#### WHAT TO PRODUCE
When you copy the listing, skip the images and return each line verbatim.

#### GIVEN INFORMATION
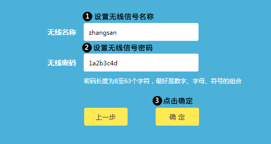 设置路由器无线信号的名称和密码,无线名称请使用数字或字母组合,请勿使用中文,设置完成后点击确定,如下图:
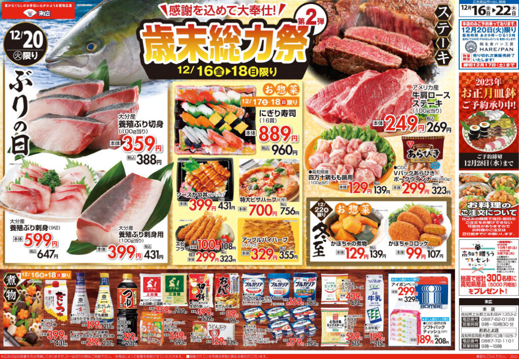12月16日から12月22日のチラシは「歳末総力祭第2弾!牛肩ロースステーキ269円」
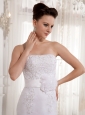 Column Strapless Sash Court Train Wedding Dress With Lace Court Train 2013
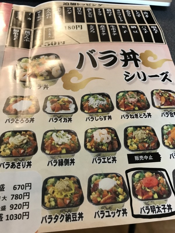 バラ丼、海鮮丼、ネギトロ丼、うな丼等など

#### ANSWER TO THIS TASK
 设置路由器无线信号的名称和密码,无线名称请使用数字或字母组合,请勿使用中文,设置完成后点击确定,如下图:
12月16日から12月22日のチラシは「歳末総力祭第2弾!牛肩ロースステーキ269円」
 Column Strapless Sash Court Train Wedding Dress With Lace Court Train 2013
 バラ丼、海鮮丼、ネギトロ丼、うな丼等など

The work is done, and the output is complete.